The elimination of Negreanu put the field on the bubble with 13 players remaining, and it would take four orbits to make it pop. Kyle Bowker had 72,000 chips left when he took his stand with {9-Hearts} {9-Clubs}, running his pair smack into Dana Kellstrom's {A-Hearts} {A-Diamonds}. Things got a lot better for Bowker on the {9-Spades} {6-Hearts} {3-Clubs} flop, and Kellstrom couldn't believe he was about to lose nearly all of his own chips. The turn {Q-Diamonds} was a blank, but the river was the game changer. The {A-Spades} dropped off the deck to Kellstrom's utter disbelief, allowing him to re-suck to the win with his overset.

That sent Bowker out as the last unpaid customer, and the final 12 cashers stuck around to play for three more knockouts.
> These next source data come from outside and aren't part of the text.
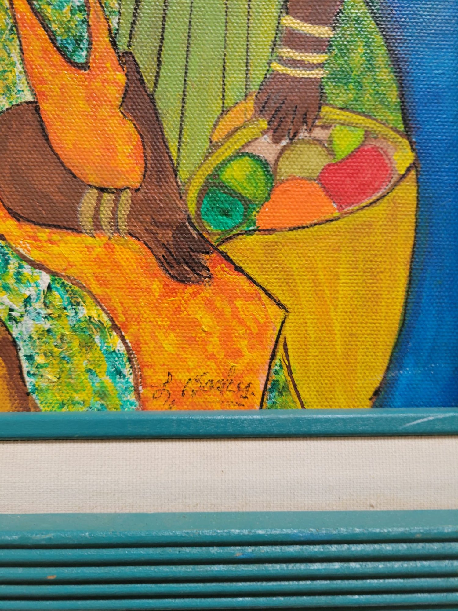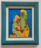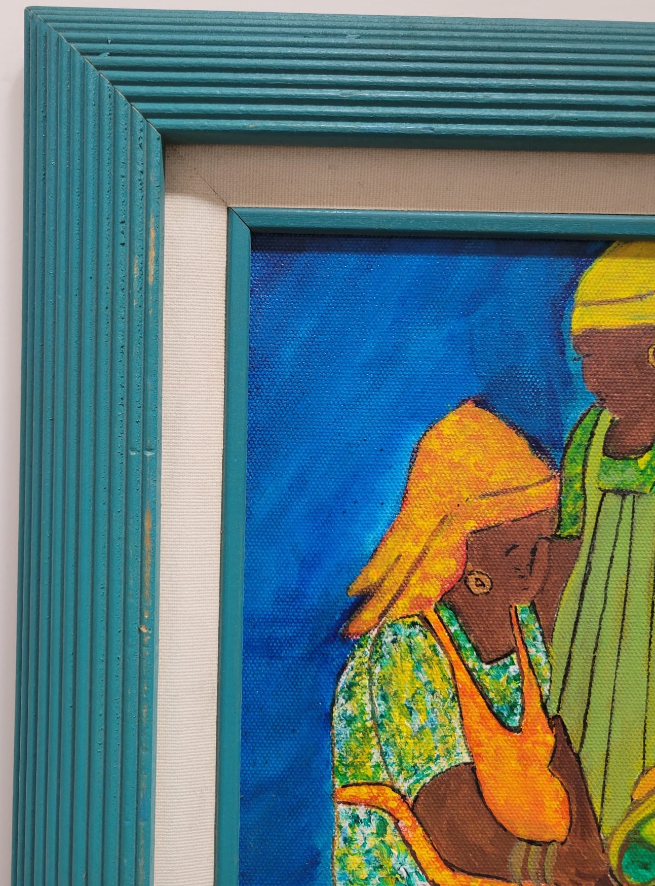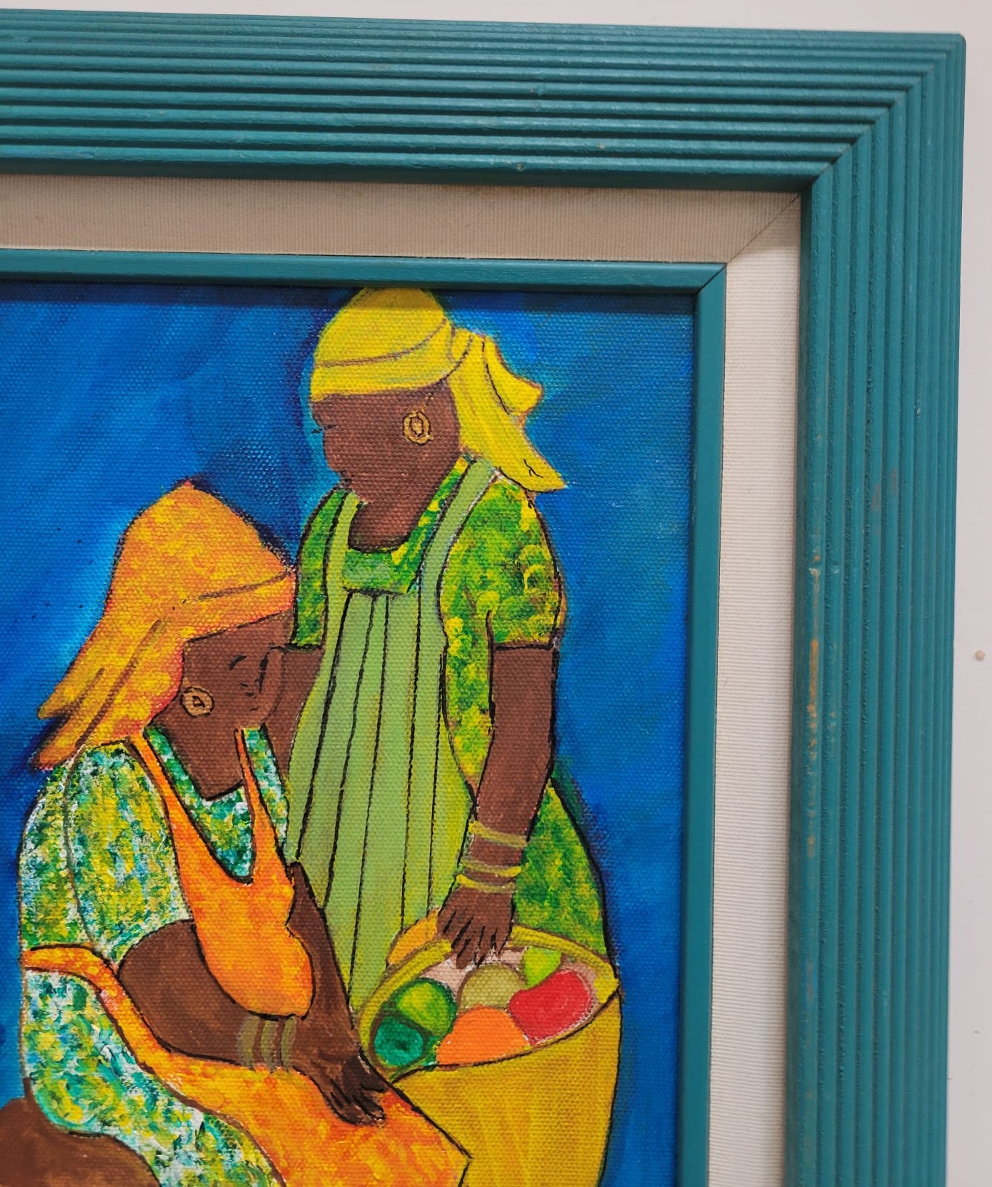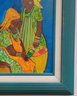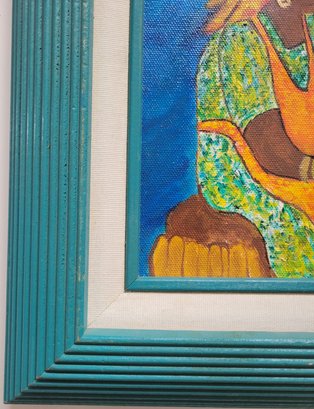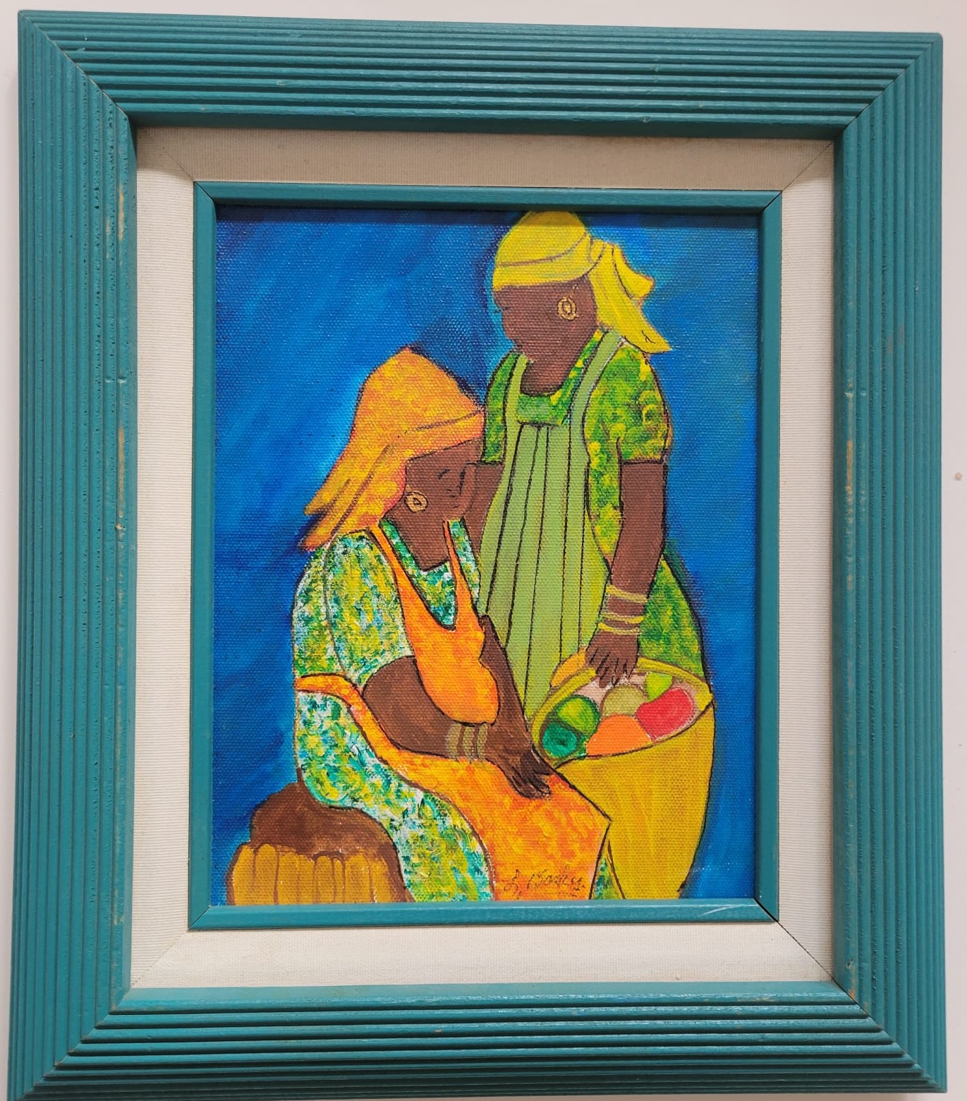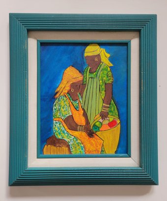 Vibrant and evocative, this painting beautifully captures a moment between two women engaged in daily life, set against a striking cobalt blue background. The artist’s use of rich, warm tones and intricate patterns on their garments draws attention to the culture and resilience of community bonds. The textured strokes and luminous colors give the piece a dynamic, almost tactile quality, while the teal frame complements and enhances its lively palette. Perfect for art lovers seeking a piece that celebrates tradition, connection, and the beauty of everyday moments. Lined with Green Frame. Art Size 8X10. Frame Size 13X15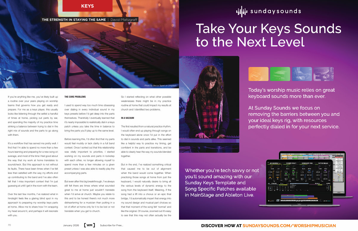 If you’ re anything like me, you’ ve likely built up a routine over your years playing on worship teams that governs how you get ready and prepare. For me as a keys player, this usually looks like listening through the setlist a handful of times at home, picking out parts by ear, and spending the majority of my practice time striking a balance between trying to dial in the right mix of sounds and the parts to go along with them.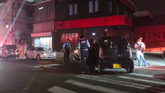 現場では黒色の軽自動車と白い車が衝突したとみられ、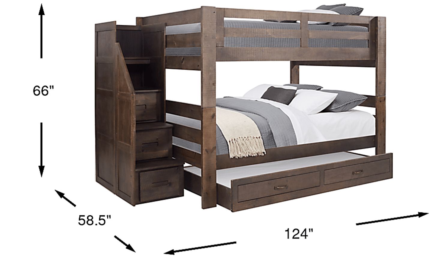 Adaptable enough to meet your child's needs into preteen years and beyond, the rustically styled Montana 2.0 step bunk is an exceptional piece of furniture. Crafted with solid pine and maple veneers, the espresso finish showcases subtle natural tree rings with distressed details. The steps, which can be placed at either end of the bed, provide built-in storage drawers great for clothes or toys. This product requires a bunkie board (sold separately) Mattress and foundation (if required) sold separately. Trundle sold separately.

Short stacks Joe Parker and Alejandro Garcia were the next two to fall, cueing the final redraw and putting the field one elimination away from a Regional Championship final table.
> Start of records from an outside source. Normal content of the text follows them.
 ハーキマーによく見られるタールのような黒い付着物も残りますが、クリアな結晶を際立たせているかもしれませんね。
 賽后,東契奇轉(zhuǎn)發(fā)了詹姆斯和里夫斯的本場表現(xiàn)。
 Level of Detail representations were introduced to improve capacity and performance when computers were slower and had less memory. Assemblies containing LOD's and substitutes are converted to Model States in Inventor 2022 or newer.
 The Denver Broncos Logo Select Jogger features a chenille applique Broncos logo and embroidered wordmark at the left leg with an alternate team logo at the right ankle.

That unfortunate elimination came at the expense of Kwinsee Tran, the chip leader when play began today. It wasn't the way he'd envisioned it; two of the shortest stacks doubled up at the final table to prolong the day, and Tran's chip count began going in the wrong direction at the same time. He was responsible for one of those doubles, in fact, when David Peters got his money in with his {4-Spades} {5-Spades} drawing on a {9-Spades} {10-Clubs} {2-Spades} flop. Tran had flopped a set with pocket nines, but Peters found his fifth spade on the {7-Spades} river to steal the pot and leave Tran crippled. The rest of Tran's money went to Tim West, tens versus jacks to end the day.

For West, it was just gravy on his already-commanding chip lead. Earlier in ten-handed play, West won the largest pot of the tournament in a tangle with chip leader Dylan Wilkerson. The latter went with {A-Hearts} {K-Clubs}, running Big Slick right into West's {A-Diamonds} {A-Spades}. The turn was scary for West on the {8-Hearts} {5-Hearts} {4-Spades} {Q-Hearts} board, but the blank {Q-Clubs} river allowed West to double into a huge chip lead. Wilkerson was crippled, but he managed to limp into the final table with less than 100,000 chips.

The stage is set for tomorrow, and it figures to be a whale of a final table. Tim West is on some kind of heater right now, fresh of a win in the $5,000 Wynn Poker Classic a week ago and a score of well over $300,000. West is looking for an encore victory here in Rincon, but he'll have to dodge the likes of Dwyte Pilgrim, Ali Eslami, and Steve Brecher before he can slip the ring onto his finger.

Here's how the final table will stack up when the final table commences at noon tomorrow:

SeatPlayerChips
1Dwyte Pilgrim408,000
2Miller Dao99,000
3David Peters437,000
4Ali Eslami395,000
5D.J. Blanchard271,000
6Tim West843,000
7Dylan Wilkerson89,000
8Steve Brecher246,000
9Dana Kellstrom147,000

That's all we have for tonight, but we'll be back tomorrow to crown the Western Regional Champion. Until tomorrow then, all that's left is goodnight.